Building TinyCodeRAG Step-by-Step: A Lightweight Code Knowledge Base Solution
In the previous article, we broke down the core components of RAG systems. Today, let's do something even cooler—personally build a TinyCodeRAG optimized specifically for code!
💡 Quick primer: RAG (Retrieval-Augmented Generation) technology effectively alleviates the "hallucination" problem of large models by combining external knowledge bases with AI generation capabilities.
You might wonder: "With TinyRAG already excellent, why reinvent the wheel?" Two reasons:
First, reinventing the wheel is the most solid learning path.
Second, in the process of reinventing the wheel, you can find ways to make it look better—a creative process that's truly refreshing.
Thus, TinyCodeRAG was born! It brings four core upgrades: ✅ Intelligent code chunking: specifically parses code data structures to build precise vector sets ✅ Ready to use: provides test API keys (I'll renew them periodically after use) ✅ Modular testing: each component has independent test cases ✅ Optimized conversation experience: full support for multi-turn contextual conversations
Less talk, let's get moving!
0. Project File Overview 🗂
First, a quick overview of the project structure (full code is open source): (https://github.com/codemilestones/TinyCodeRAG)
TinyCodeRAG
├── RAG
│ ├── embeddings.py # Vectorization functionality wrapper
│ ├── chunker_text.py # General text splitter
│ ├── chunker_code.py # Dedicated code splitter 👈 Key innovation!
│ ├── vector_base.py # Lightweight vector database
│ ├── llm.py # LLM interface wrapper
│ ├── test_*.py # Module test scripts (4 total)
│ ├── tiny_code_rag.py # RAG system integration entry
Below, we'll cover vectorization, text and code splitting, vector database implementation, LLM wrapping, and TinyCodeRAG integration application. Each module has corresponding test files for easy understanding.
1. Vectorization Engine 🔢
We first implement the core foundation of the RAG system: vectorization processing. In the embeddings.py file, we define a specialized class primarily responsible for two key functions:
get_embeddings: Converts text (or code snippets) into corresponding vector representations.cosine_similarity: Calculates cosine similarity scores between two vectors.

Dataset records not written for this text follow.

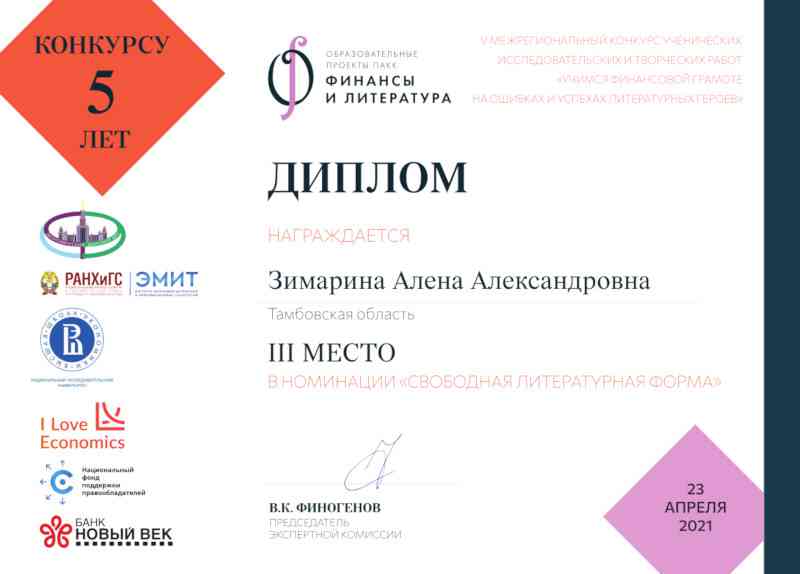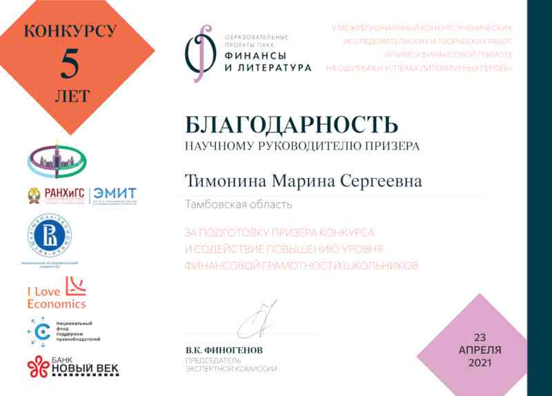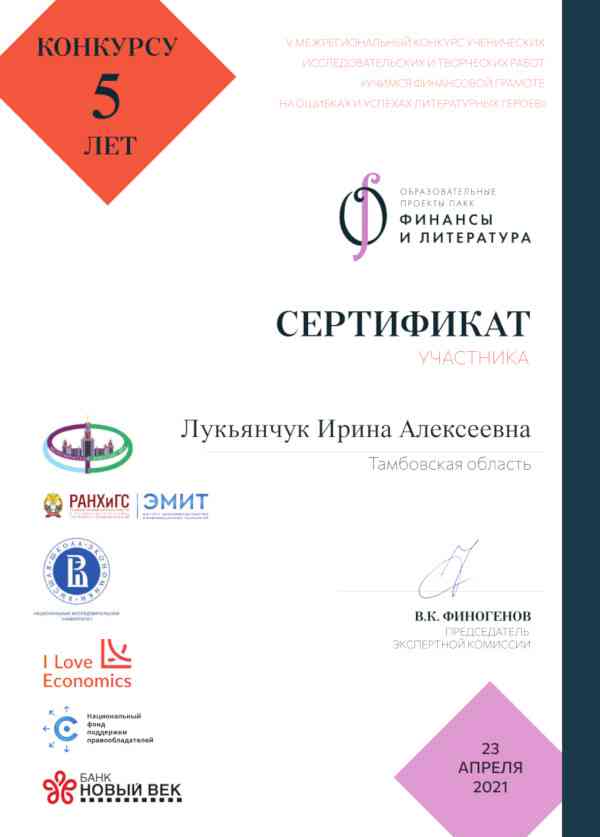 Завершился V юбилейный конкурс ученических исследовательских и творческих работ «Учимся финансовой грамоте на ошибках и успехах литературных героев». Организаторами Конкурса являются Консультационная компания «ПАКК», Экономический факультет МГУ им. М.В. Ломоносова, Институт экономики, математики и информационных технологий РАНХиГС при Президенте РФ, Банк «Новый век». Конкурс проводится с целью содействия формированию основ грамотного финансового поведения школьников и формирования у школьников навыков анализа личного финансово-экономического поведения на примере поступков, решений и личной финансовой стратегии персонажей литературных произведений.
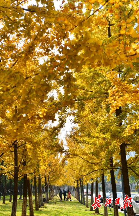 12月4日,市民之家旁满树的银杏叶被太阳照得金黄透亮,分外耀眼。记者李永刚 摄
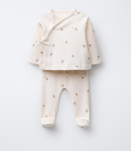 Ensemble deux pièces. T-shirt avec col V et manches longues. Fermeture croisée avec boutons-pression et nœud. Finitions en dentelle. Legging avec taille élastique. Imprimé faons. Tissu 100 % coton.

Vector Generation Engine: OpenAI
We chose OpenAI's text-embedding-3-small model to drive vector generation. This model is very flexible, capable of efficiently converting input text of any length (even super long) into a fixed-length 1536-dimensional vector. This lays a solid foundation for subsequent similarity calculations.
Validation: Beyond Conversion, It's About Results To ensure this vectorization logic truly works, we designed test cases, focusing on verifying two capabilities:
- Text length adaptability: Whether input text is short or long, it correctly generates 1536-dimensional vectors.
- Similarity discrimination effectiveness: Can the system accurately distinguish similarity levels between different texts? We tested with four key text segments:
# Control text
test_text_1 = "Hello, world! This is a test."
# Highly relevant to test_text_1
test_text_2 = "Hello, world! This is a embedding test."
# Different topic from test_text_1
test_text_3 = "I want to study how to use the embedding model."
# Super long text test
test_text_long = "... repeat long text ..." * 100
Test results met expectations:
test_text_1andtest_text_2highly relevant => Similarity ≈ 0.8test_text_1andtest_text_3different topics => Similarity ≈ 0.1test_text_1andtest_text_longalso significantly different => Similarity ≈ 0.1
This validates that our vectorization and similarity calculation are reliable and effective in identifying semantic associations.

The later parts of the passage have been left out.